Finding classical sur in modern music

Classical singing has its roots in Hindustani music and is representative of the sub-continental culture.

Sher Khan August 08, 2011
Finding classical sur in modern music


The trend of learning and practicing classical music has been on the rise in recent times. With the advent of fusion music — that gained popularity in the last decade — more and more youngsters are turning towards classical music.

Classical singing — which depends mainly on sur (musical note) — has its roots in Hindustani music and is representative of the sub-continental culture. In contemporary times, certain changes in the preferences of society have allowed the art of raag and sur to flourish. The skill of raag (classical scales and modes) has gained attention and is accruing new levels of popularity for this genre of music.

Ustaad Naseerudin Saami is possibly one of the most popular classical music teachers in Pakistan. He has a school in Karachi with approximately 50 students, while in Lahore he has around 12-15 students, to whom he gives private tuitions. “Young people are tired of partying and are searching for something that provides inner peace and tranquillity,” says Saami. “After learning classical music, a student automatically gets interested and wants to get trained in the field,” he adds. Musician and producer Rohail Hyatt and author Ali Sethi are some of Saami’s well-known students.

The process of learning classical music is more about the student showing a persistent willingness to learn. “We not only work on teaching singing techniques, we also teach a philosophy of life,” explains Saami. “I teach and perform but the main thing is that people should develop an interest, because it takes time to understand classical music.” Once the interest is developed, Saami chalks out a plan according to which the student can learn sur, which for him is one of the purest forms of classical music. Saami states that this tradition dates back to the musical lineage of Amir Khusro and his students. Saami himself learned the art from his ancestor, Mian Samaat bin Ibrahim, who was also a student of Khusro.

Saami started playing music at the age of 12, so he has seen how the musical industry of Pakistan has evolved and reformed. According to him, the classical music industry was active till 1977 but after this, music in general took a backseat. Artists struggled for nearly 30 years to find recognition until the industry finally picked up in 2000.  “After 30 years of hard work, classical music is popular again,” says Saami with pride.
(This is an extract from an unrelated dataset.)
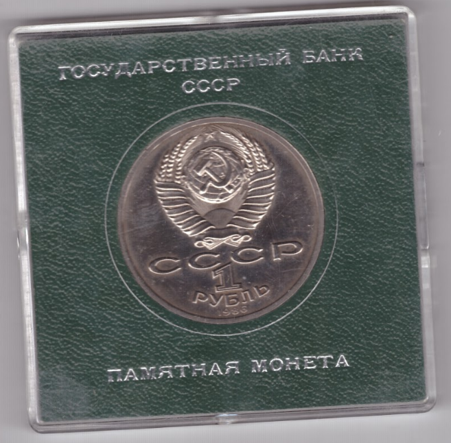 Аверс: Сверху герб СССР с 15 витками ленты, под ним буквы «СССР», ниже обозначение достоинства монеты цифра «1» и ниже слово «РУБЛЬ», внизу у канта год выпуска монеты «1986».

“I knew when it stopped in 1977 that I would have to take responsibility and do whatever I could do to ensure the art survived,” says Saami. A great advocate of classical-modern fusion, Saami believes that this genre can help the revival of classical music. “Fusion has a unique role to play as joining the two can make it easier for the younger generation to understand and appreciate classical music,” Saami says.

This statement has been backed by classical musician Shafqat Salamat — who has worked with several music institutions abroad — and feels that fusion has always been a good way to make people get involved with different music genres. Salamat claims that the youth was extremely interested in a workshop he conducted on classical music at Al-Hamra Arts Council in Lahore.

However, Salamat emphasises that classical music’s recent popularity is restricted to exclusive artists only and does not cater to the common artists. “The overall scene is very good but traditional musician families have not been given a chance,” says Salamat. “Common musicians have to be promoted and academies should be made to make sure classical art is sustained.”

Published in The Express Tribune, August 9th, 2011.